By specifying `encoder = "save_model"` in the `rxp_r()` call,
`{rixpress}` will use this function instead of the default `saveRDS()`. The fitted
model can then be read using `rxp_read("model")`, which will internally use
`readRDS()`.

## Summary

Using `{cmdstanr}` with `{rixpress}` involves these key considerations:

- Include `cmdstan` in `system_pkgs` and `{cmdstanr}` (from Git) in your
  `{rix}` environment definition.

- Read your `.stan` file into the pipeline using `rxp_r_file()`.

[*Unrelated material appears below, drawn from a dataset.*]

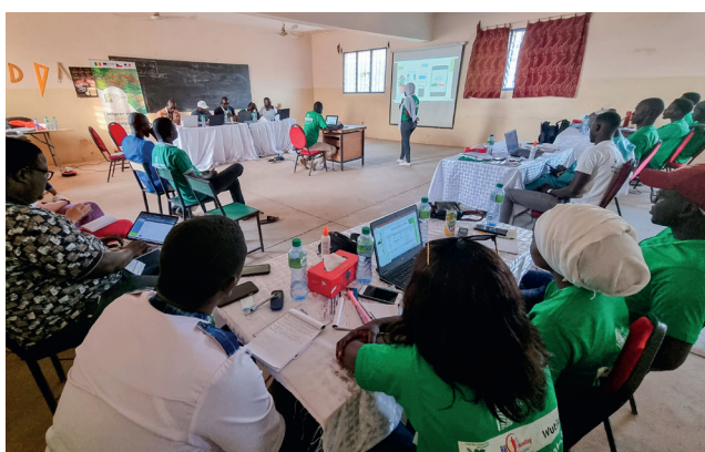
Salle réservée à l'hackathon

- Implement a wrapper function that:
   *   Takes the model code string and writes it to a temporary `.stan` file
       *inside the wrapper*.
   *   Calls `cmdstanr::cmdstan_model()` on this temporary file.
   *   Calls `model$sample()` to fit the model.
   *   Returns the fitted model object.

- Perform model compilation and sampling within the *same* `rxp_r()` call using
  the wrapper.

- Set the `CMDSTAN` environment variable for the `rxp_r()` step that runs the
  wrapper, pointing to the Nix store path of `cmdstan`.

- Use `{cmdstanr}`'s `$save_object()` method via a custom `encoder`
  for robust saving of the fitted model.

This approach ensures that `cmdstan` can operate correctly within the isolated
and reproducible environment provided by `{rixpress}` and Nix.